在上一节的分析中，特别是在对ClientProtocol的分析中个，我们知道，HDFS的文件和目录相关事务部分，遵循了NFS的实现思路，文件/目录API利用Hadoop远程过程调用，发送到名字节点上去执行。但对文件数据的读写，HDFS采取了和网络文件系统截然不同的实现方式。

HDFS没有采用远程过程调用实现对文件的读写，原因非常简单，HDFS需要支撑超大文件，基于Hadoop IPC实现文件读写，效率达不到系统设计的要求。同时，HDFS提供了对数据的流式访问，使用基于TCP的流式数据访问接口，有利于批量处理数据，提高数据的吞吐量。
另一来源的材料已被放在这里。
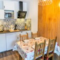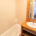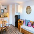 This 33m² apartment, facing North-East, provides a peaceful stay with modern amenities. It includes an entrance with storage, a cozy living room with a sofa bed and television, a dining area, and a fully equipped kitchen with a fondue set. The separate bedroom also has a television and a comfortable 140x190cm double bed. A bathroom with a bathtub and a balcony overlooking the resort, valley, and mountains complete the space, accommodating up to 4 people.
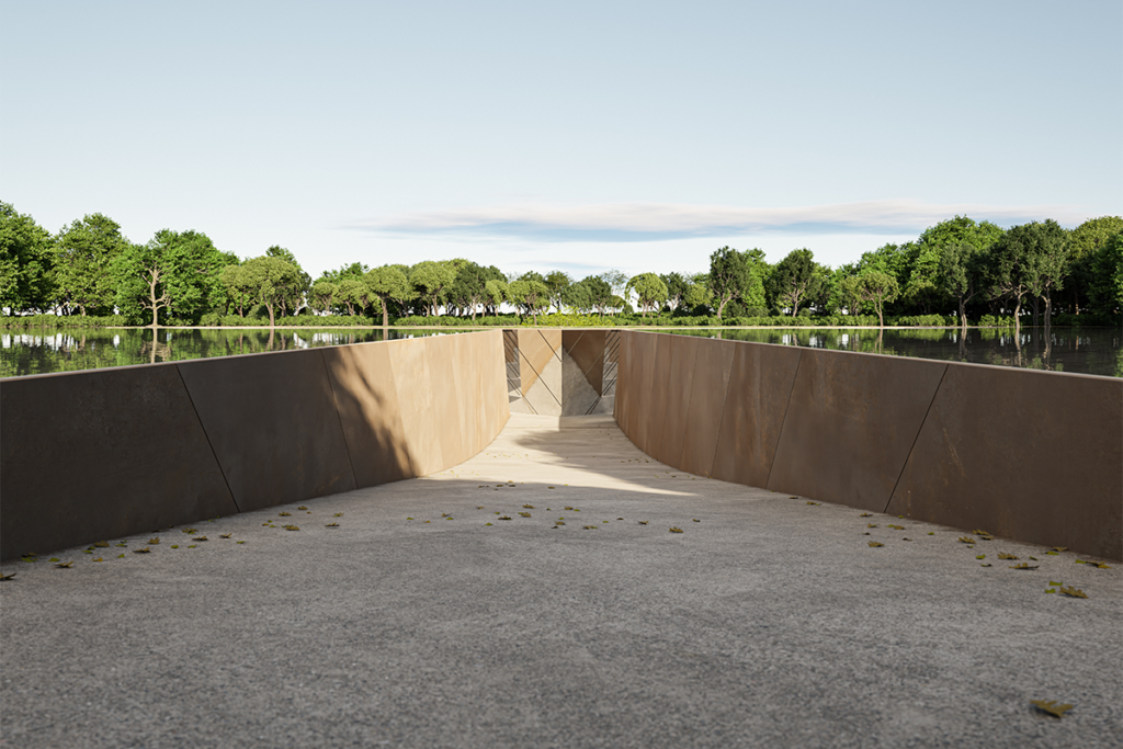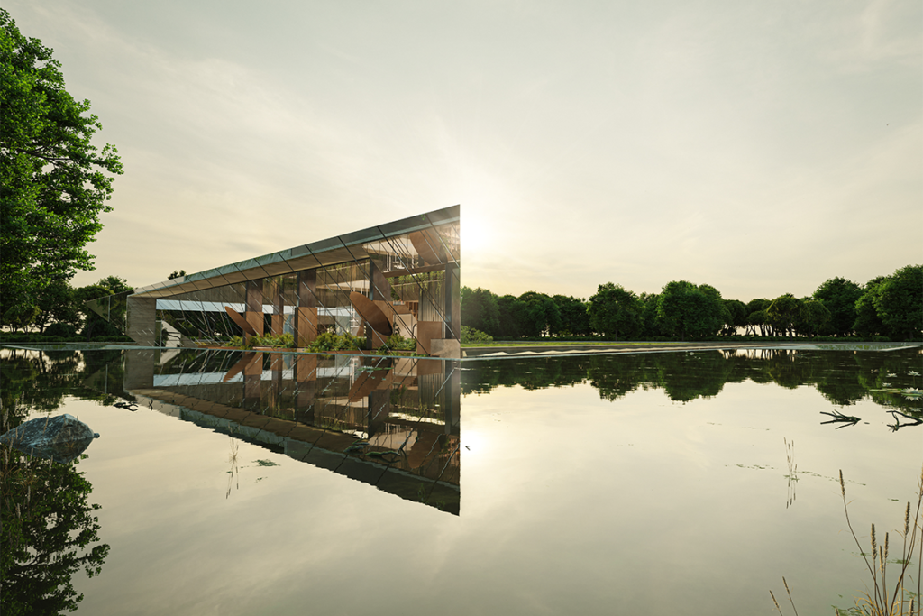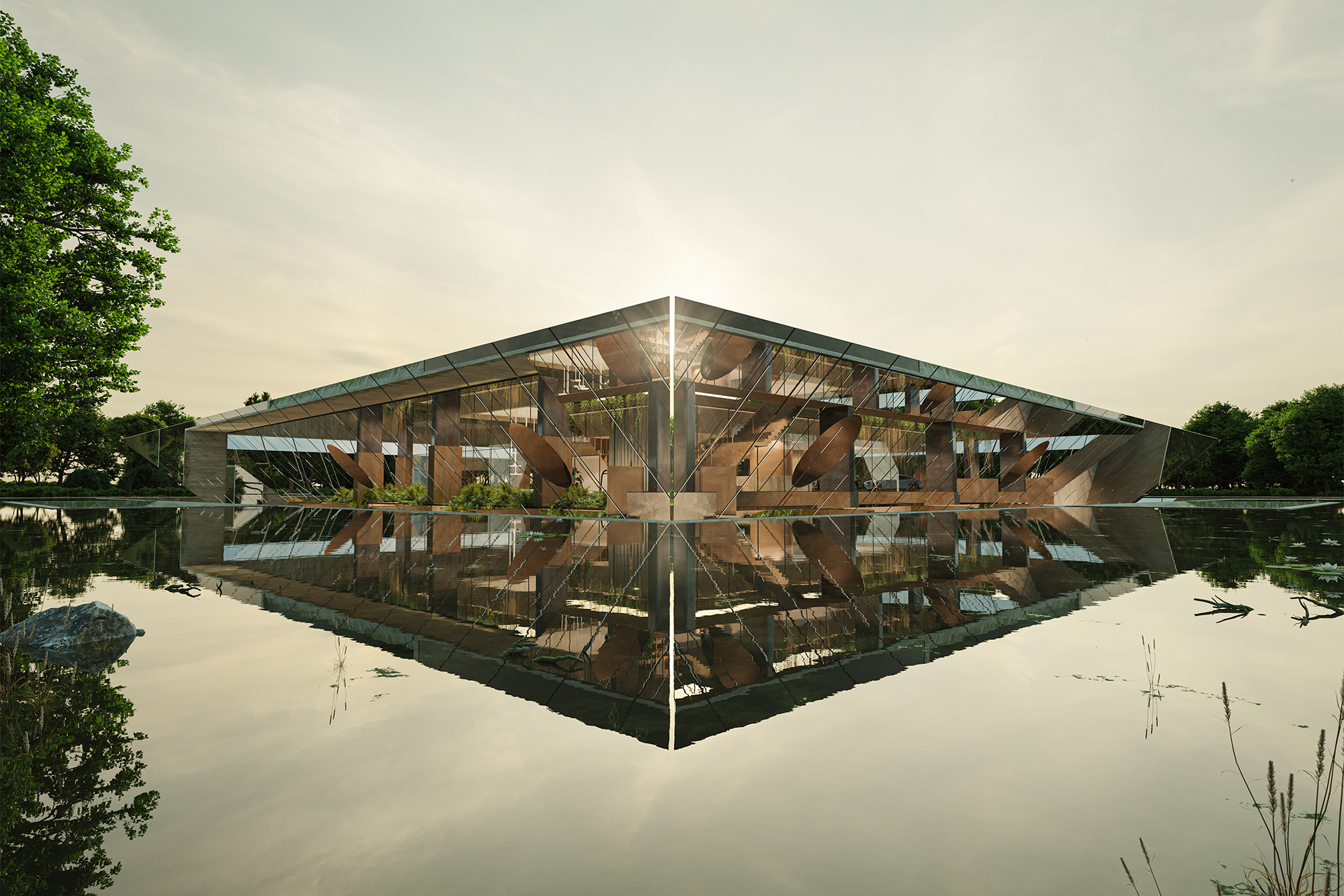 El edificio tiene dos niveles subterráneos y, según el uso del espacio en un momento determinado, los espejos se pueden colocar al nivel donde se requiere luz y vista. Por la noche, cuando ya no se necesita luz y vista del paisaje, las estructuras de espejos descienden para desaparecer nuevamente en el paisaje.
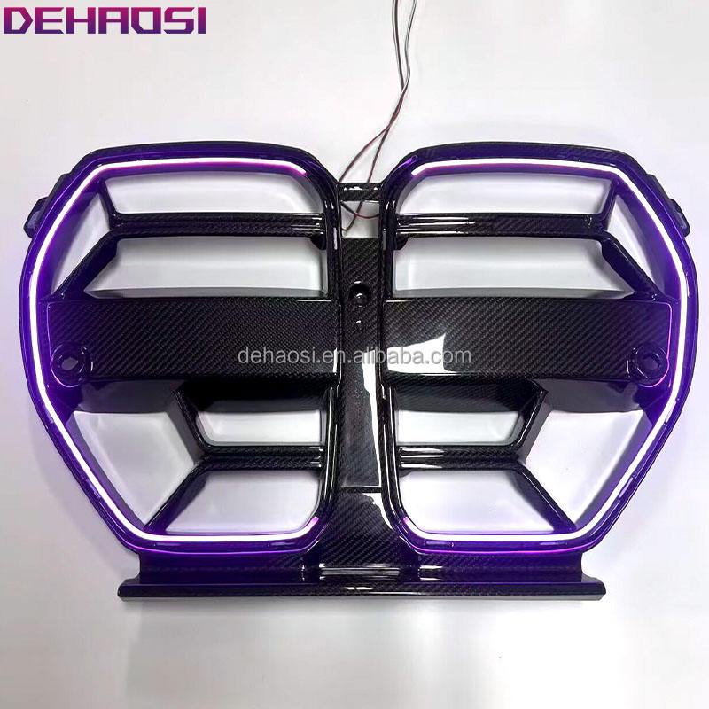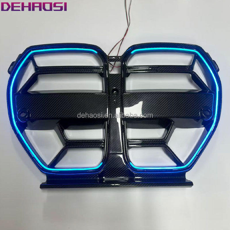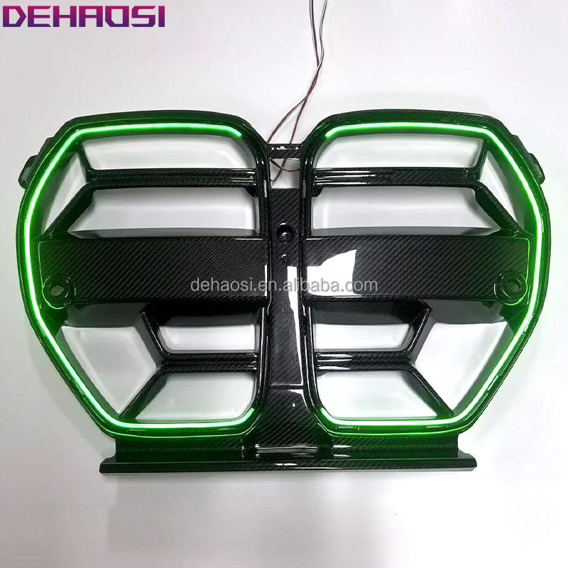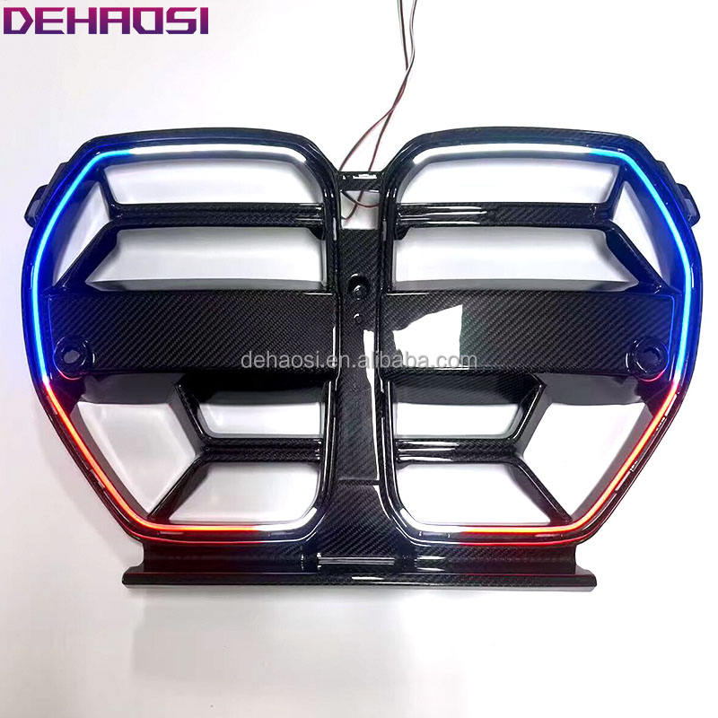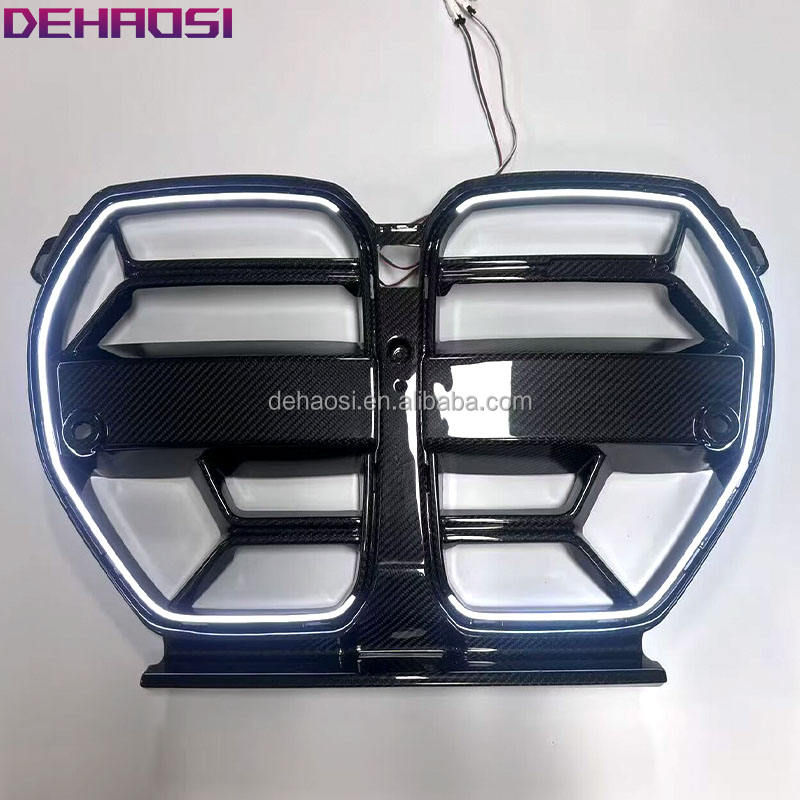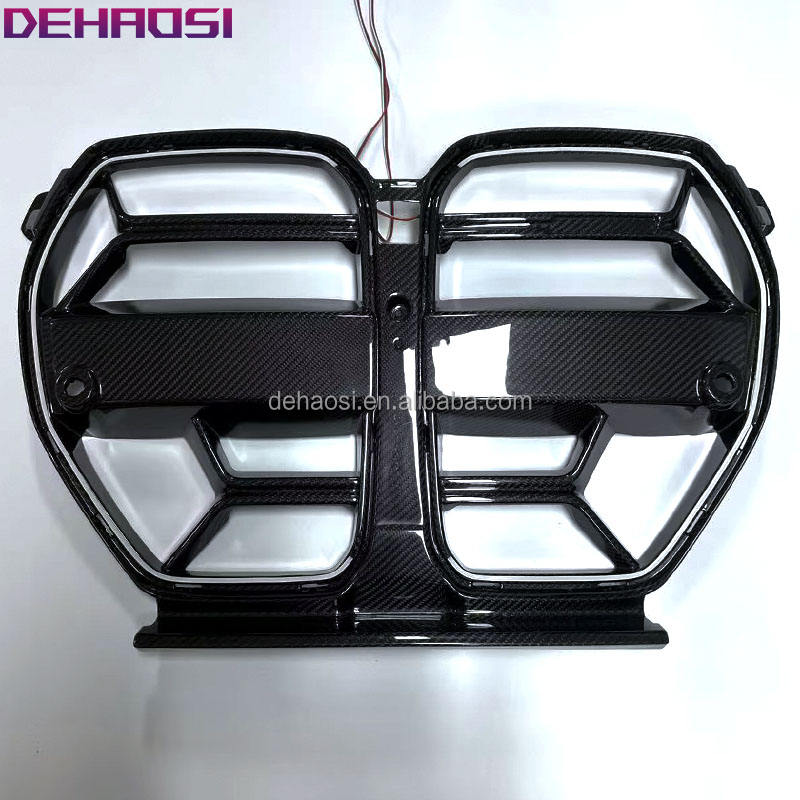 Grilles de pare-chocs avant en fibre de carbone sèche LED style CSL pour BMW G80 G81 M3 G82 G83 M4 2020-2025, grille de capot de course, garniture d'aération ACC

我们知道第二名字节点会根据一定策略合并名字节点上的命名空间镜像和镜像编辑日志。但是NamenodeProtocol并没有获取原始镜像数据和编辑日志的远程方法，也没有上传合并后新命名镜像的远程方法，上述两个过程，是通过名字节点提供的，基于HTTP的流式接口进行的。第二名字节点利用名字节点的内建的HTTP服务器，使用HTTP的Get操作获取数据，即原始命名空间镜像和编辑日志，合并操作完成后，利用HTTP协议通知名字节点，由名字节点使用HTTP GET，从第二名字节点下载新命名空间镜像。名字节点和第二名字节点的这个接口也是非IPC的接口。

数据节点上的非IPC接口

数据节点提供对HDFS文件数据块的读写功能：将HDFS文件数据写到Linux本地文件系统的文件中，或者从这些本地文件中读取HDFS文件数据。读写的对外接口是基于TCP的非IPC接口。除了数据块的读写，数据节点还提供数据块替换、数据块拷贝和数据块效验信息等基于TCP的接口。也就是，数据节点通过流式接口，一共提供了5种操作，这些操作都有相应的请求帧结构和操作码。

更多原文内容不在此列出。